Every line of the material is to be quoted verbatim, minus the pictures.

- [Data provided]:
_ _ _
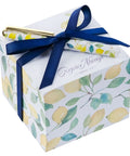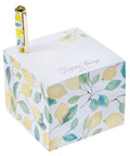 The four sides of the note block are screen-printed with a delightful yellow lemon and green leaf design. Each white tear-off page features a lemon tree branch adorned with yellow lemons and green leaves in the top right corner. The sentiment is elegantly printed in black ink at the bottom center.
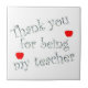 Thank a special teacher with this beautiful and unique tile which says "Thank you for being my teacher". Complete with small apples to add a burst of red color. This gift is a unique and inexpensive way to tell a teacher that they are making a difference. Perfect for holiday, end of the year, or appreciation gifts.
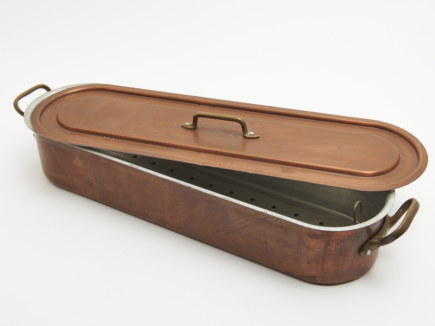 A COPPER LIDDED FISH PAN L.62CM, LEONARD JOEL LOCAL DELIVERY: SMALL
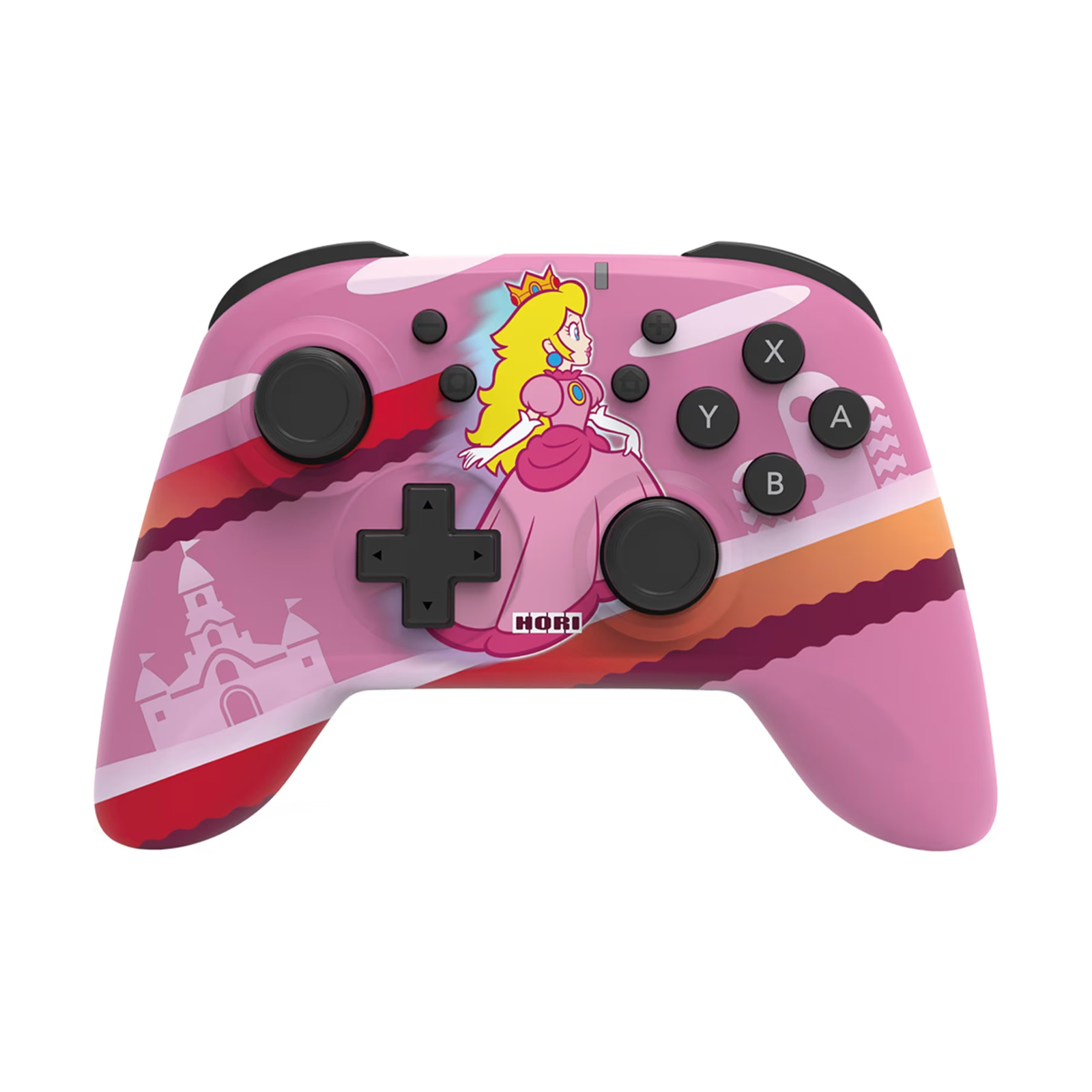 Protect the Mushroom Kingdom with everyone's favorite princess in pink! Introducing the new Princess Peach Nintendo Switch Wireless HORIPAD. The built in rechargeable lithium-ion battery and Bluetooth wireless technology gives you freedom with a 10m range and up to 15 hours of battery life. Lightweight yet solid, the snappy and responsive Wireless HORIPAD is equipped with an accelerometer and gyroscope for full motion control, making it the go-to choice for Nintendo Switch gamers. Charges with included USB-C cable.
_ _ _
- [Solution for this task]:
 The four sides of the note block are screen-printed with a delightful yellow lemon and green leaf design. Each white tear-off page features a lemon tree branch adorned with yellow lemons and green leaves in the top right corner. The sentiment is elegantly printed in black ink at the bottom center.
 Thank a special teacher with this beautiful and unique tile which says "Thank you for being my teacher". Complete with small apples to add a burst of red color. This gift is a unique and inexpensive way to tell a teacher that they are making a difference. Perfect for holiday, end of the year, or appreciation gifts.
 A COPPER LIDDED FISH PAN L.62CM, LEONARD JOEL LOCAL DELIVERY: SMALL
 Protect the Mushroom Kingdom with everyone's favorite princess in pink! Introducing the new Princess Peach Nintendo Switch Wireless HORIPAD. The built in rechargeable lithium-ion battery and Bluetooth wireless technology gives you freedom with a 10m range and up to 15 hours of battery life. Lightweight yet solid, the snappy and responsive Wireless HORIPAD is equipped with an accelerometer and gyroscope for full motion control, making it the go-to choice for Nintendo Switch gamers. Charges with included USB-C cable.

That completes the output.